NAMPT Inhibition Decreases OXPHOS by Inhibiting Amino Acid and Fatty Acid Metabolism

Next, we sought to determine which metabolic fuels were affected by NAMPT inhibition in R/R LSCs. To accomplish this, R/R LSCs were treated with APO866 for 4 h and incubated with SIL amino acids, palmitic acid, or glucose; subsequent incorporation in the TCA cycle was measured by mass spectrometry (Figure 7A). Amino acid levels were significantly decreased (Figure 7B), malate was significantly increased, and 2-oxoglutarate was significantly decreased upon APO866 treatment (Figure 7C). No changes in the 13C content of citrate from SIL amino acids were observed upon APO866 treatment (Figure S7A). Although palmitic acid uptake was not altered by APO866 treatment (Figure 7D), its metabolism into 2-oxogluta-rate was significantly decreased (Figure 6E). Citrate and malate levels were not significantly changed upon APO866 treatment from SIL palmitic acid (Figure S7B). Furthermore, no changes in glucose, pyruvate, or citrate from SIL glucose were observed upon APO866 treatment (Figures S7C and S7D), consistent with data from our Seahorse studies (Figure S6A). However, we did observe a minimal but significant decrease in SIL lactate levels (Figure S7D). Altogether, these data suggest that NAMPT inhibition targets R/R LSCs by decreasing OXPHOS specifically through decreased amino acid and fatty acid metabolism, which results from decreased TCA cycle enzyme activity.

Figure 7. Nicotinamide Metabolism Inhibition Decreases Amino Acid and Fatty Acid Metabolism.

(A) Schematic of experimental design. LSCs were isolated from R/R AML patient specimens, treated with vehicle control or 10 nM APO866 for 4 h, and then incubated with [¹³C₆] glucose, ¹³C¹⁵N amino acids, or [¹³C₁₆] palmitic acid for 8 h. Metabolites were then measured by mass spectrometry.

(B) Heatmap of ¹³C¹⁵N amino acids levels upon control or 10 nM APO866 treatment. AML5 was used in this analysis.

(C) Malate levels from ¹³C¹⁵N amino acids in control or 10 nM APO866-treated LSCs. AML5, AML8, and AML9 were used in this analysis.

(D) [¹³C₁₆] palmitic acid levels in R/R LSCs treated with vehicle control or 10 nM APO866. AML5, AML8, and AML9 were used in this analysis.

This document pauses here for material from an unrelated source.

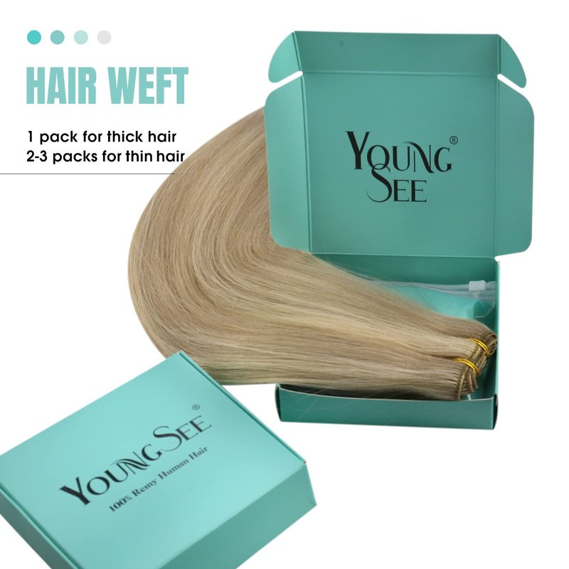 Youngsee Human Hair Wefts don't contain any attaching parts, you can sew in, micro link in, clip in or tape in as you like. YoungSee Human Hair Weave is produced with remy human hair, which is soft, shiny, silky and tangle-free.Great for adding instant length, a full volume, and owning a charming healthy hair flow.

(E) TCA cycle intermediates metabolized from ¹³C₁₆ palmitic acid with vehicle or 10 nM APO866 treatment. AML5, AML8, and AML9 were used in this analysis.

(F) Viability of primary AML specimens 5, 8, and 9 after siRNA-mediated knockdown of HADH compared with scrambled control upon ven/aza or vehicle treatment.

(G) Colony-forming ability of primary AML specimens 5, 8, and 9 after siRNA-mediated knockdown of HADH compared with scrambled control upon ven/aza or vehicle treatment.

(H) OXPHOS levels of primary AML specimens 5, 8, and 9 after siRNA-mediated knockdown of HADH compared with scrambled control upon ven/aza or vehicle treatment.

(I) Diagram illustrating that LSCs isolated from R/R AML patients have increased nicotinamide metabolism and ven/aza resistance. Increased nicotinamide metabolism mediates overall energy metabolism in R/R LSCs, resulting in increased amino acid and fatty acid metabolism into the TCA cycle.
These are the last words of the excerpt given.